Researchers reveal protospacer adjacent motif mutations (PAM sites) on the NRF2 gene of cancers could be used to guide CRISPR gene editing.

New research suggests a mutation in the NRF2 gene, unique to certain malignant tumours, could be used to enable CRISPR gene editing to be safely targeted towards cancer cells that are resistant to treatment.

This advance addresses a big challenge with using CRISPR in cancer patients, which is ensuring it can distinguish between a tumor cell and a normal cell, said Dr Eric Kmiec, director of Christiana Cares Gene Editing Institute, US, and principal author of the study.

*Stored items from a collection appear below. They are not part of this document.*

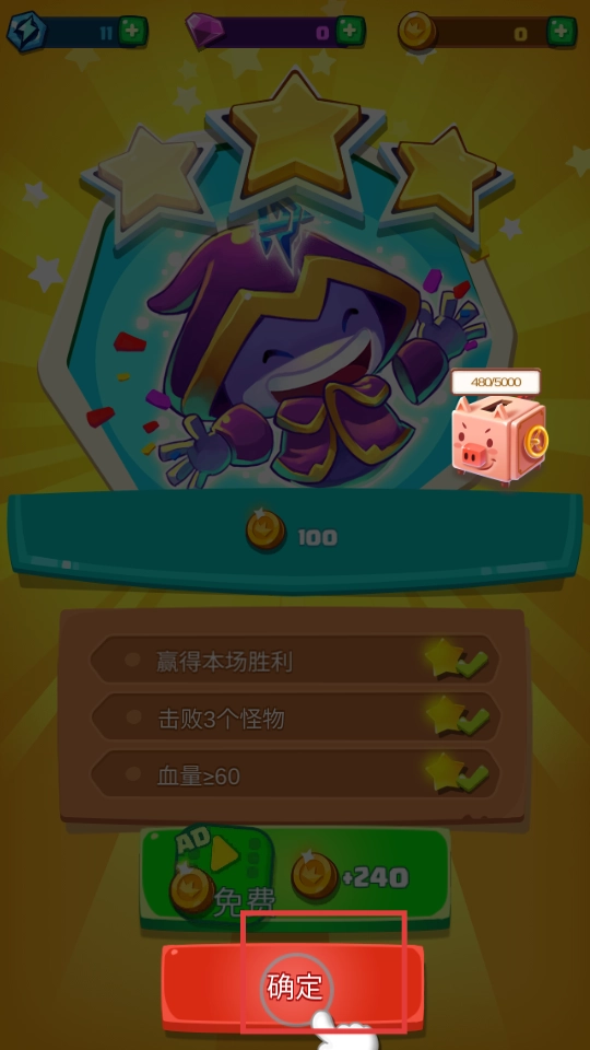 4、取得胜利后,查看任务完成状况,点击【确定】,领取金币等各类奖励。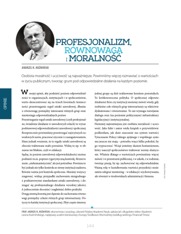 PROFESJONALIZM, RÓWNOWAGA I MORALNOŚĆ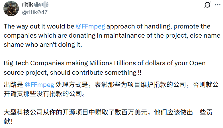 他还在这条评论中表达了担忧:「这个项目在没有人再受雇来维护它的情况下,最终只会变成一个无人维护、被遗弃的软件。」
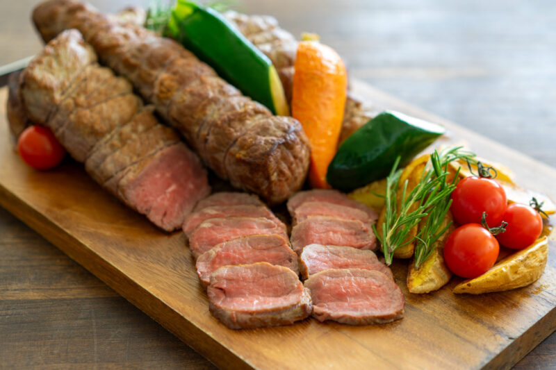 じっくり低温調理で仕上げた、旨みたっぷりのローストビーフ。自家製の香醤と、仔牛のだし(フォン・ド・ボー)を使った和洋仕立てのソースが、贅沢な味わいを引き立てます。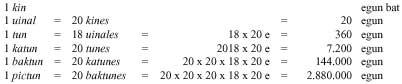 Hasieran zifrekin batera, zegozkien ordenen ikurrak idazten zituzten. Geroago, ikur hauek ez zirela beharrezkoak ohartu ziren eta kendu egin zituzten. Hirugarren solairuko 360 ordenaren arrazoia astronomian bilatu behar da. Egutegi maietan lehenengo solairuak egunak adierazten ditu, bigarrenak hilabeteak (20 egunekoak), hirugarrenak urteak (360 egunekoak), ...
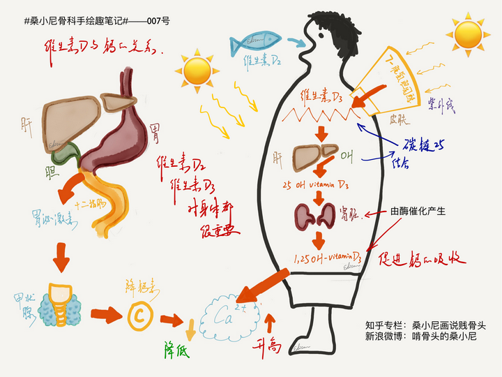 维生素D2和维生素D3,都只是生理必需的“原料”,它们本身没有活性,都是要经过紫外线照射,以及肝、肾细胞的两次转化生成1,25-二羟基维生素D2后,才能促进钙、磷在小肠内的吸收。当维生素D缺乏时,人体吸收钙、磷的能力下降,血中钙、磷水平较低,成骨作用受阻,甚至发生骨盐再溶解——儿童称为「佝偻病」,成人称为「骨软化病」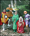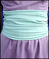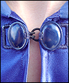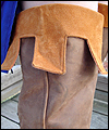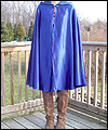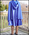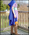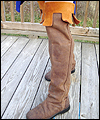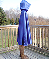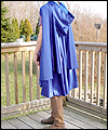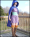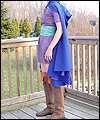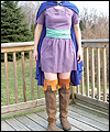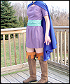 | This costume is a recreation from the 1980’s Dungeons and Dragons cartoon. My friends and I are all fans of the series, and thought it would be a lot of fun to dress as the characters at our local Renaissance Faire. I created all of the costumes, and my good friend Brian Healy created all of the props and weapons. This Sheila costume has a silk noil dress with cuffed short sleeves. I self-lined the dress to prevent a visual hemline from showing on the bottom of the skirt. The sash is made of linen, and laces up the back. I made the cloak from crepe-backed satin, and lined the hood in cotton. This fabric hangs beautifully, and has just the right amount of sparkle to portray the “magic” aspect of her cloak. I made the thigh high boots by sewing leather into a boot spat that fit perfectly over a pair of loafers. I then glued the spat permanently to the under shoes, and hand stitched around the entire lower edge for a finished look. The castle tops on the upper edge of the boots are made of suede. |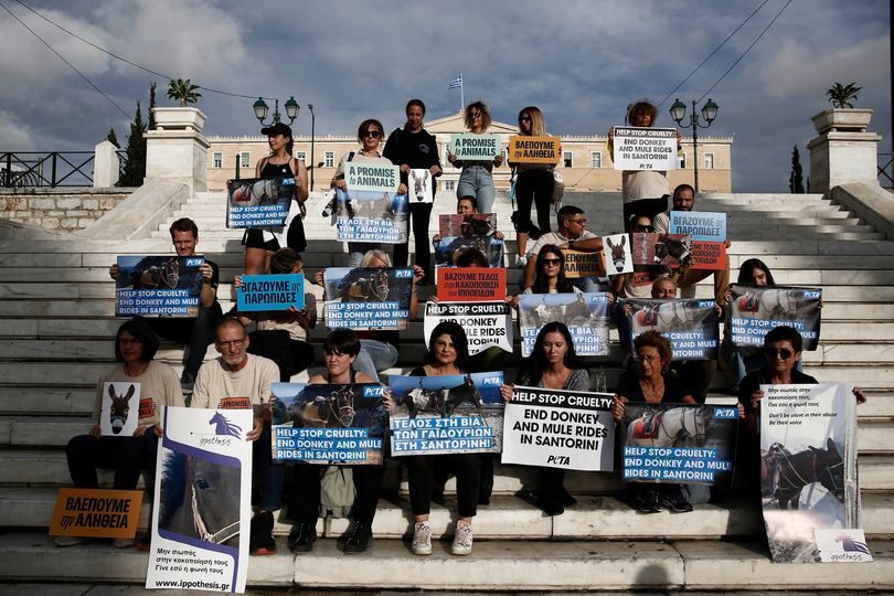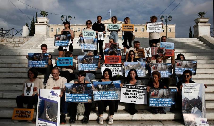 Συγκέντρωση διαμαρτυρίας πραγματοποιήθηκε το απόγευμα της Τρίτης 27 Σεπτεμβρίου, στην πλατεία Συντάγματος στην Αθήνα, μετά από κάλεσμα που απηύθυνε ο διεθνής οργανισμός PETA, σε συνεργασία με την οργάνωση «Ιππόθεσις» και την οργάνωση “A promise to animals”. Δεκάδες άνθρωποι παραβρέθηκαν κρατώντας πλακάτ και φωνάζοντας συνθήματα κατά της εκμετάλλευσης και κακοποίησης των ιπποειδών, εστιάζοντας στην τραγική κατάσταση που επικρατεί στην Σαντορίνη.
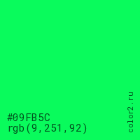 Цвет #09FB5C в цветовой модели RGB обозначается тремя октетами (9, 251, 92) в десятичном формате и #09FB5C в шестнадцатиричном (hex) формате, которые являются интенсивностью красного 9 (hex 09), интенсивность зелёного 251 (hex FB) и интенсивность синего 92 (hex 5C).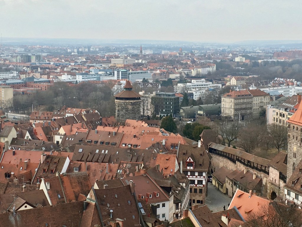 A view toward the west from the Nuremberg Castle Tower, showing the Neutorturm (New Gate Tower) along the northern section of the ancient Citywall, which like Rothenburg ob der Tauber also can be walked.

According to a commentary (written by the journal editors) accompanying the paper in the journalMolecular Cancer Research, the process developed by the institute can provide an empirical basis for the use of CRISPR-directed gene therapy in solid tumour cells, and continue to advance the use of this technology closer to clinical implementation.

Kmiec explained that the primary aim of the study was to successfully knock out the NRF2 gene in squamous cell carcinoma tumours, without effecting normal cells. To do this, they used mutations to the NRF2 gene that create a protospacer adjacent motif (PAM site), which is exclusively expressed in tumours, to guide CRISPR gene editing.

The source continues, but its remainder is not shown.